== YOUR ASSIGNMENT ==
Exactly the lines below from the line with "watercolor, reindeer, illustration" through the line with "C) Bizone Mi" must make up the answer, both ends included and pictures left out.

== RECORDS FOR THIS TASK ==
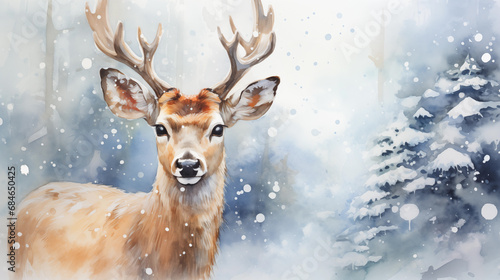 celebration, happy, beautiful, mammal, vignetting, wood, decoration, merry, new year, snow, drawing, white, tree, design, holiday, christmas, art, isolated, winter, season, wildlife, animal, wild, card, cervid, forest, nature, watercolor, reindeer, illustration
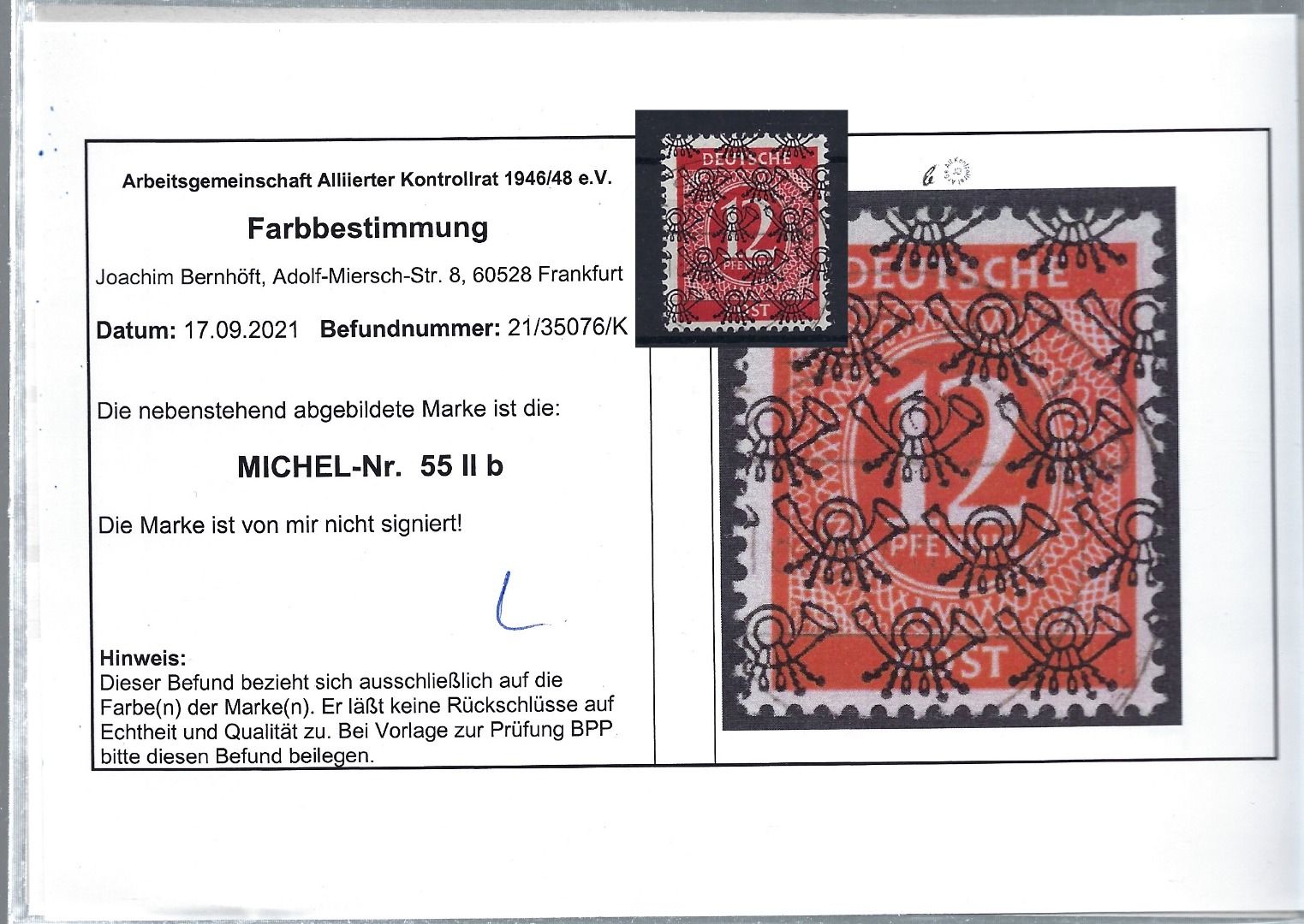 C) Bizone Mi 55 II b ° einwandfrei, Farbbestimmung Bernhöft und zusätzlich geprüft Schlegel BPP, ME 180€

==

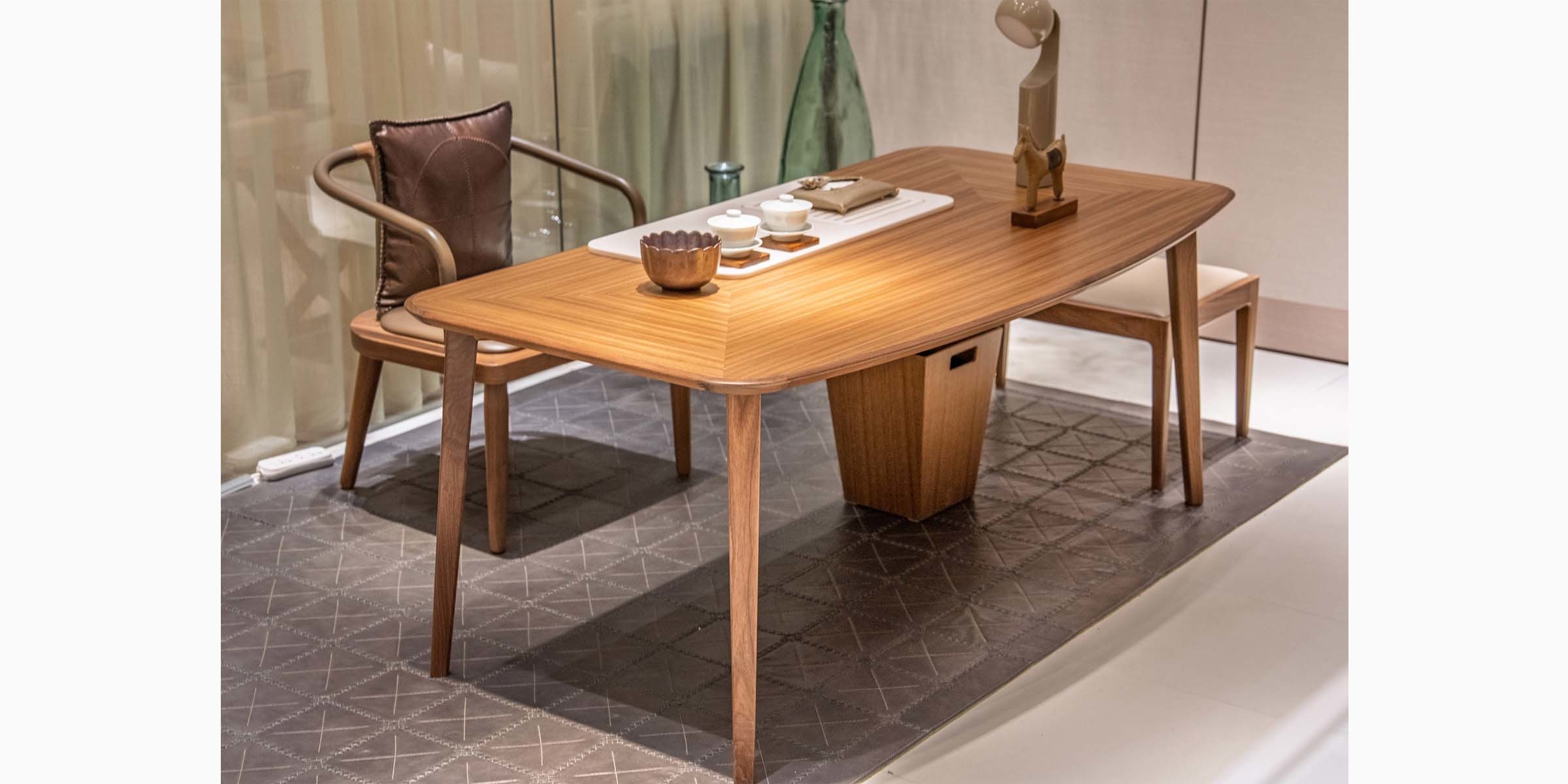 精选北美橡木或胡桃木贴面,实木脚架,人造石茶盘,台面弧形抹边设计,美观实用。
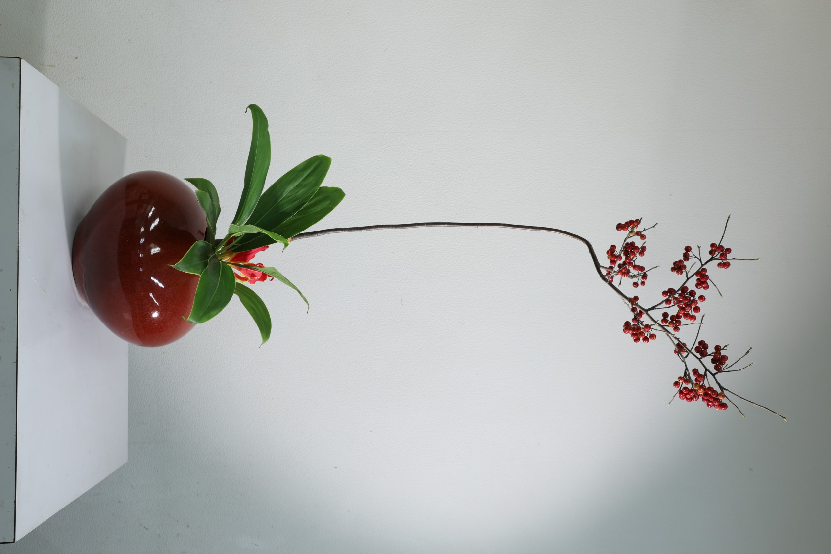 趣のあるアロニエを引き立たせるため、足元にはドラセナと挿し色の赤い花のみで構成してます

== SOLUTION FOR THIS TASK ==
 celebration, happy, beautiful, mammal, vignetting, wood, decoration, merry, new year, snow, drawing, white, tree, design, holiday, christmas, art, isolated, winter, season, wildlife, animal, wild, card, cervid, forest, nature, watercolor, reindeer, illustration
 C) Bizone Mi 55 II b ° einwandfrei, Farbbestimmung Bernhöft und zusätzlich geprüft Schlegel BPP, ME 180€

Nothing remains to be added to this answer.